New year's eve is honestly just another night for me, that gives idiots a legal reason to throw firecrackers at almost anything. I have the feeling that nothing's really going to change after this night. I know that people use to make new year's resolutions but mostly, they can't keep 'em up and usually fail. Call me a pessimist, but I highly doubt that I will ever keep 2012's resolutions. But yes, I have a few in mind, just like getting more hard-working when it comes to school or starting to read more interesting books or gaining more self-confidence or minding more about my health, etc. Most important thing, I want to give my life more meaning.

Superficially seen, 2011 has been a rather unproductive year flooded with many broken promises for me. I'm frankly disappointed. I seriously need to reconsider my approach, if I ever want to achieve something in life.
As 2012 rolls around, I'm forced to move something for myself or else I end up disenchanted once again and I'm sick of that. I blame myself for thinking of having no control over what's happening nor over where my life is headed but that is an excuse. I have control over nearly every factor in my life yet I didn't do anything to kill that feeling/thought.
But if I think about every sporadically memory in 2011 profound, I've got to admit that it wasn't that bad. For instance, I graduated from secondary school with pleasant performances. I'm now in A-Levels, which makes me proud at myself. I finished my first book, which was Der Vorleser.

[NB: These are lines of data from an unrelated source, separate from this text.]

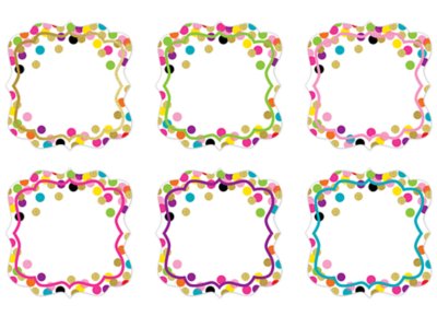 Use these cheerful confetti-themed scalloped mini accents to brighten up classroom walls and doors, label bins and desks, or decorate bulletin boards! Pack includes 36 accents in 6 colors; each accent measures approximately 2 5/8".
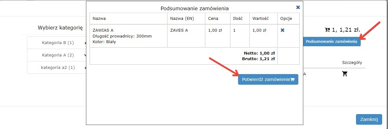 Po dodaniu wszystkich wybranych produktów do koszyka, można wyświetlić jego zawartość poprzez przycisk „Podsumowanie zamówienia”, gdzie także możemy je zatwierdzić za pomocną przycisku „Potwierdź zamówienie”.
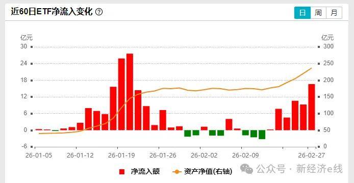 回到A股市场,“HALO资产”的爆发始于2026年2月中下旬,具体表现为相关ETF规模创新高、资金持续净流入及标的指数大幅上涨。

Farewell, 2011. We'll never get to see again.
I can't make any more sense about the paragraph 2011 by re-thinking and re-reading it. Past is past and it was meant to be. I regret that I didn't do much this year that could make me be proud of, but now it's the right time to get over it and work towards my goals. For now, I wish a happy new year and if you haven't made your new year's resolutions, you should do them now!